Certification Scheme - The main forest certification schemes in operation include those of the Canadian Standards Association (CAN/CSA Z809), the Forest Stewardship Council (FSC), the Programme for Endorsement of Forest Certification Schemes (PEFC), the Sustainable Forestry Initiative (SFI) and the Malaysian Timber Certification Council (MTCC). Other certification schemes that may apply to forest areas or forest industry, but are not used for labelling and do not necessarily provide assurance of legal or sustainable forest management, are ISO 14001 for Environmental Management Systems and ISO 9001 for Quality Management Systems. (Click on Issues/Certification on the left hand menu for more information and a selection of relevant documents, news and events.)
Chain of Custody (CoC) - a documented system of demonstrable ownership that establishes the traceability of individual products or shipments from the end user through its various processing steps back to the forest of origin. A secure chain of custody is needed to ensure that timber products which are not from forests managed to certain specifications (for example certified forests) are excluded from supply chains which demand those specifications. A secure chain of custody is essential in ensuring that illegally-produced timber products are excluded from supply chains.
CITES (the Convention on International Trade in Endangered Species of Wild Fauna and Flora) - an international agreement, signed in 1973, that aims to ensure that international trade in specimens of wild animals and plants does not threaten their survival. The Convention is implemented by governments, which control or ban the international trade in any species listed on the CITES annexes.
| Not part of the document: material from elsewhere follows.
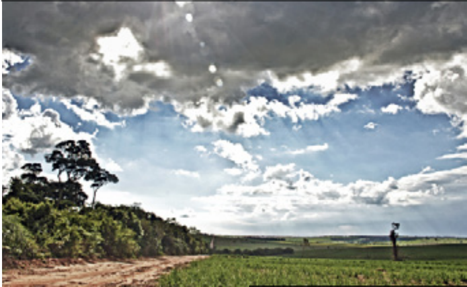
Paisagem em HDR, estrada rural entre os distritos de Piracema e Cristo Rei

Em terras planas, a possibilidade de assistir à natureza em ação é grande. O solo e o céu, traços e contornos, brilhos e cores se fundem e compõem a cena. Em alguns cliques o tempo para, e o momento é eternizado.

There are currently around twenty five timber species and groups listed on CITES annexes, of which three timber species are traded in significant volumes: big leaf mahogany (Swietenia macrophylla), ramin (Gonostylus spp.) and Afrormosia (Pericopsis elata).
Conflict timber - any wood product that has been sold to fund armed conflict, or that comes from a forest where there is armed conflict over access to the forest resource, either between different external claimants to the resource (such as loggers or rebel groups) or between external claimants people that live in and claim tenure rights to the resource. (Click on Issues/Conflict Timber on the left hand menu for more information and a selection of relevant documents, news and events.)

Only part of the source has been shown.